Es muy raro cómo los recuerdos no siempre (o casi nunca) están completos, a veces son solo momentos, sensaciones o imágenes. El olor de una persona, la punzada de estar triste, cómo se va iluminando una habitación mientras amanece. A veces es posible reconstruir toda la historia o fragmentos; te acuerdas de las costumbres, de los lugares que frecuentaban, dónde se besaron por primera vez, donde discutieron, cómo se originó el rompimiento.

Tengo ciertos recuerdos que me asaltan siempre en ciertos lugares. Un pasillo larguísimo con ventanas de un lado y una pared tan alta que hay que voltear hacia arriba para ver el borde que contrasta con el cielo. La adrenalina de ir en bici por un lugar desconocido detrás de la persona que te genera una ilusión particular, alguien que logra que te asombres por todos los murales que hay en ese barrio que está tan cerca del centro y al que nunca habías ido, la certeza de no querer llegar nunca. Un parque donde nos sentamos a platicar, donde nos vemos a los ojos y hablamos de nuestras vidas, de los miedos y los deseos; un camino que nos va marcando un perrito, seguro de nuestra presencia detrás, seguro de que no se quedará solo. Un beso en el alféizar de la ventana de un edificio colonial la noche más cursi del año, la misma que comparte festejo con el aniversario del museo más popular de Querétaro, la certeza de que era un amor imposible, lo cual no fue un motivo para no dejarnos llevar en ese momento.

Claro que los recuerdos no son confiables. Y, sin embargo, aferrarnos a ellos es una estrategia de supervivencia que puede traicionarnos, que nos hace sentir cosas que ya no queremos sentir, que nos obliga a sonreír en momentos inadecuados con personas inadecuadas, que nos saca una lágrima que no le quieres explicar a nadie. Los lugares van acumulando historias y regresar se puede volver difícil, como si fuera una traición.

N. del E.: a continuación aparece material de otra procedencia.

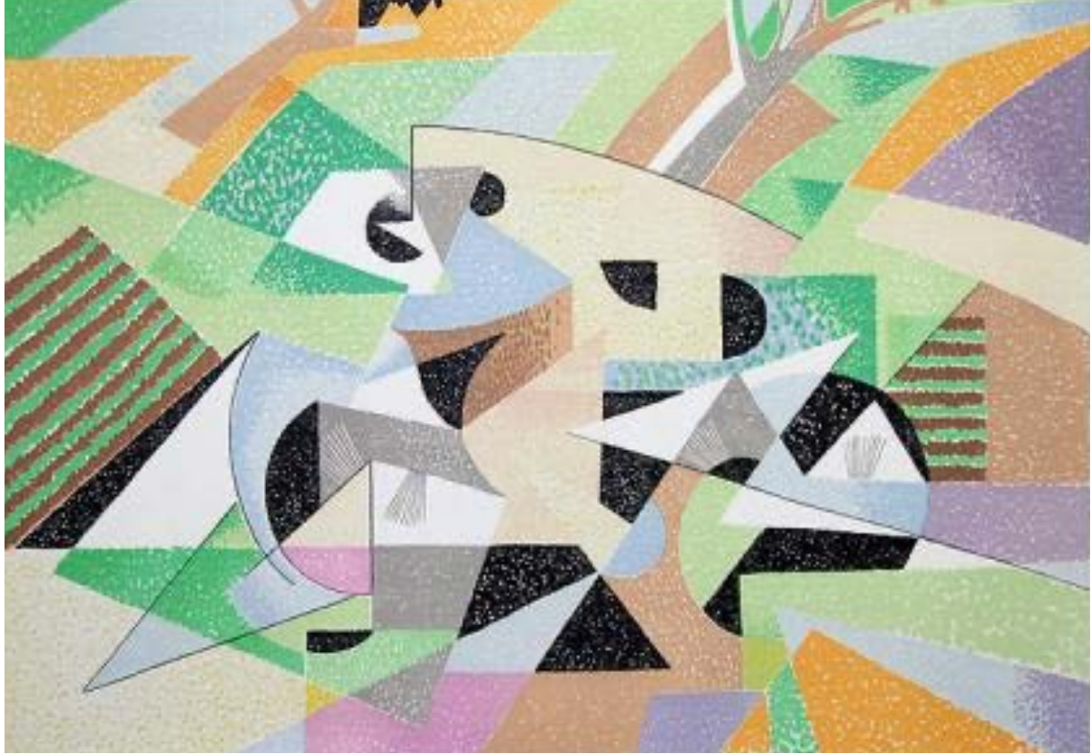
Gino Severini, The cyclist (1956)

Es muy raro cómo los recuerdos no siempre (o casi nunca) están completos, a veces son solo momentos, sensaciones o imágenes. El olor de una persona, la punzada de estar triste, cómo se va iluminando una habitación mientras amanece.

La complicidad de una pareja no tiene testigos. Nadie más puede explicar qué pasó, por qué se querían, por qué se dejaron de querer, cuáles son esos gestos compartidos que se quedaron suspendidos en el tiempo, unidos por los caprichos de la memoria a un olor, una canción, una calle, la luz a cierta hora del día.

Por fortuna hay lugares que se quedan intactos, porque no vuelves, porque cierran, porque se cambian de lugar. Los recuerdos entonces se quedan atrapados en ruinas, como si nunca hubieran existido. Uno de esos lugares fue El Rincón de los Sentidos, un lugar que estuvo abierto más de veinte años, una casa colonial restaurada para ser un café, acondicionada para acompañar a todos esos adolescentes que a comienzos de la década de 2000 buscamos un lugar alternativo, un lugar con cierta atmósfera romántica y misteriosa. La casa estaba construida alrededor de un patio con una fuente de cantera en medio; alrededor estaban las habitaciones acondicionadas con mesitas y sillones, con decoración new age, telas de colores, cojines en el piso, elefantes garigoleados y lámparas orientales. Mi primera cita romántica sucedió ahí, en ese café. Yo apenas tenía una idea de cómo debía comportarme; gracias a las películas románticas, tenía la esperanza de que todo se resolviera como por arte de magia, que hubiera música, lluvia, una mirada que sustituyera cualquier explicación, un momento de lucidez que nos hiciera sentir una conexión fuera de este mundo. Pero en la vida real todo era distinto, la torpeza no era encantadora, hubo muchos silencios incómodos y nada mágico llegó nunca a salvarme. No regresé mucho a ese lugar. Tal vez me avergonzaba esa versión tan ingenua de mí misma. En el fondo me alivia que ya no exista, ahora puedo contarme la historia que yo quiera sin que ningún recuerdo incómodo me asalte por sorpresa.

Tal vez tendríamos que partir de que todos los recuerdos son inventados y todos son completamente ciertos. La verdad y la ficción nunca han estado peleadas. Somos la historia que nos contamos, somos ese mapa de lugares en donde descubrimos múltiples y diversas versiones de lo que fuimos porque somos todas esas historias de amor que duran para siempre cuando nos las encontramos por casualidad.